Motivation
You can kinda think of stepping
as “React for backends”.
In ye olde JQuery days, you would:
- Render the page.
- Set up a load of listeners that twiddled with the elements on the rest of the page.
This often turned into a spaghetti mess, as a change of input might need to update many other components and you had competing callbacks happening asynchronously.
React (in theory at least) solved this by allowing you to do:
- Render the page as
f(state)
<input onInput=mutateState(...) >
- Re-render the page by recomputing
f(state)
Deciding which bits of the page to twiddle is taken care of by React.
Using stepping
involves a similar shift, but on the backend, in this case from twiddling with cached data in the database to declaratively describing outputs = f(inputs)
and letting stepping
handle efficient updates.
Why?
The Python backend you’re currently building probably has a really simple “interview-question” version along the lines of:
test-data/
external-api-call-2012-01-01.json
user-input-2012-01-02.json
...
def process_data(
inputs: list[Input],
t: int
) -> Output:
output = f(inputs[:t])
return output
Where t
is time and the Output
is the state of the system considering all the inputs up to and including that time.
There’s many reasons why your production system has more complexity – often, computing process_data(...)
at request-time would be prohibitively expensive – if you squint, a lot of backend code exists to surmount this problem by writing to various caches.
stepping
’s aim is to try and let you write your production system something closer to process_data(...)
– you describe a rich, declarative function of all your inputs, feed it changes, and it tells you what changed in the output.
There are some example applications here.
Incremental View Maintenance
In most SQL dbs there are two ways of declaratively describing outputs = f(inputs)
, each with different pros and cons:
VIEW
s – the output is always up to date, but can be slow toSELECT
from as the data has to be recomputed each query.MATERIALIZED VIEW
s –SELECT
is quick because the data has been precomputed, but the data is only as fresh as the most recentREFRESH MATERIALIZED VIEW
(which might itself be an expensive operation).

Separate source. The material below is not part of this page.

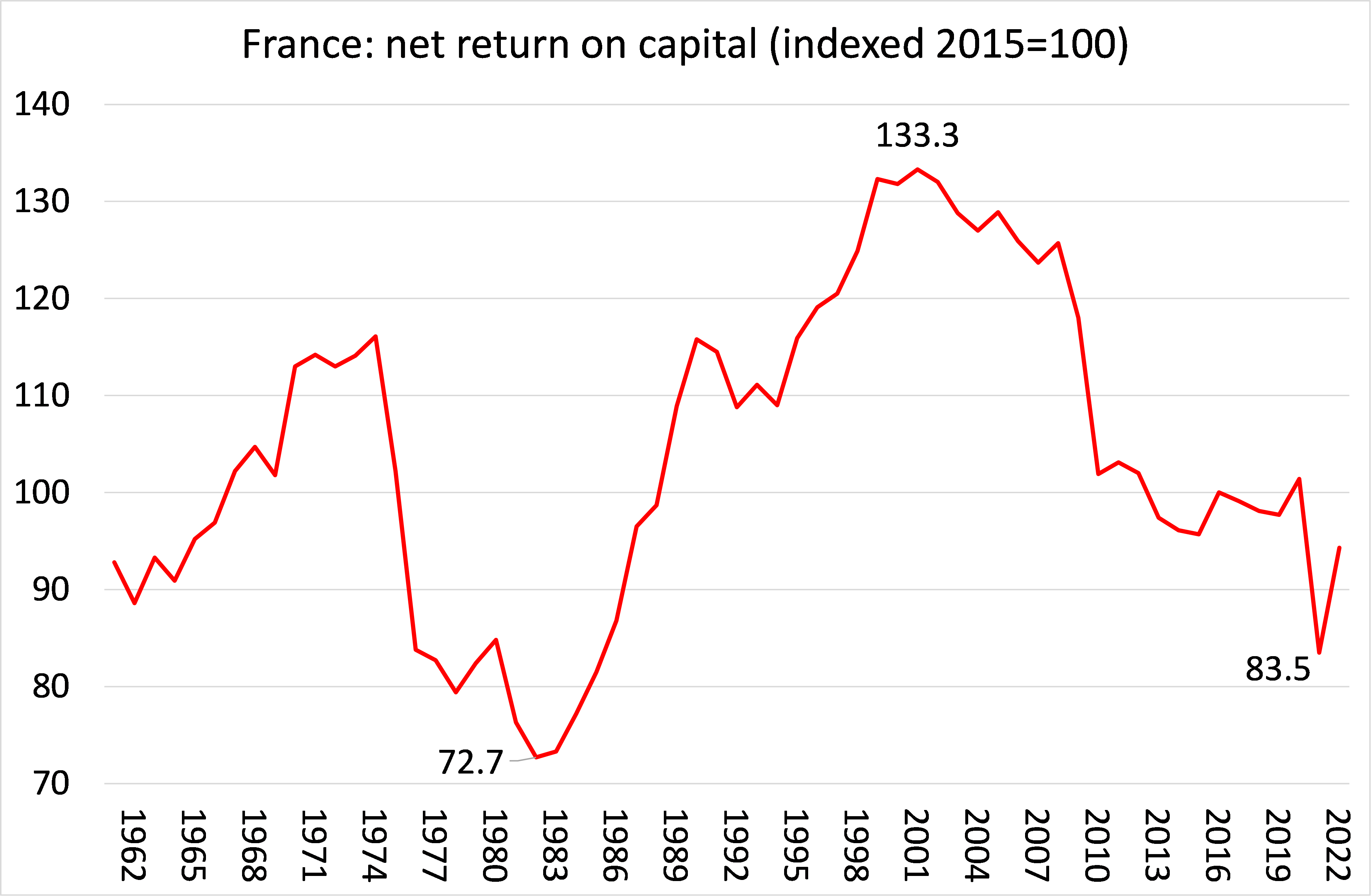 Όπως πάντα, πίσω από αυτή τη σχετική στασιμότητα κρύβεται η μείωση της κερδοφορίας του κεφαλαίου. Η κερδοφορία του γαλλικού κεφαλαίου κορυφώθηκε στις αρχές του 21ου αιώνα και έκτοτε παρουσιάζει πτωτική τάση. Υπήρξε μια απότομη πτώση κατά τη Μεγάλη Ύφεση και καμία ανάκαμψη κατά την τελευταία δεκαετία, με αποκορύφωμα μια άλλη απότομη πτώση στην ύφεση της Covid το 2020.

Incremental View Maintenance is an attempt to have one’s cake and eat it - fresh data, quickly.
Existing Incremental View Maintenance software
There are numerous existing pieces of Incremental View Maintenance software, notably:
Jamie Brandon has written a nice taxonomy of them.
Then why write stepping?
The niche stepping
tries to sit in is:
- Less focus on big-data pipelines, more focus on application development.
- Allows describing the computation in Python not SQL.
- Can sit next to existing applications, potentially sharing Postgres databases/transactions.
- Provide an educational example of DBSP - about 3000 lines of pure Python at time of writing.
What about Event Sourcing?
Event Sourcing has many meanings depending on who you speak to. For example: the classic Martin Fowler definition, Martin Kleppmann’s influential talk.
In practice, these systems often amount to many services broadcasting changes to each other over message buses. This can lead to a some problems:
- The developer ergonomics can be bad.
- Replaying messages on changes to the code (and the downstream ramifications) are often an afterthought. (
stepping
will in future try to tackle this in an opinionated manner with stepping manager). - No
TRANSACTION
s. - Often no easy way to express
JOIN
s/GROUP BY
s. - Shifting all the messages around over the wire often incurs significant performance cost – see below.
Should I use stepping?
Probably not, at least right now:
- For most applications, storing all the data in normalised form with suitable indexes, then computing everything at request-time in a single thread will outperform
stepping
(or any other Event Sourcing approach for that matter). Profile your code! stepping
is currently very much in Alpha form.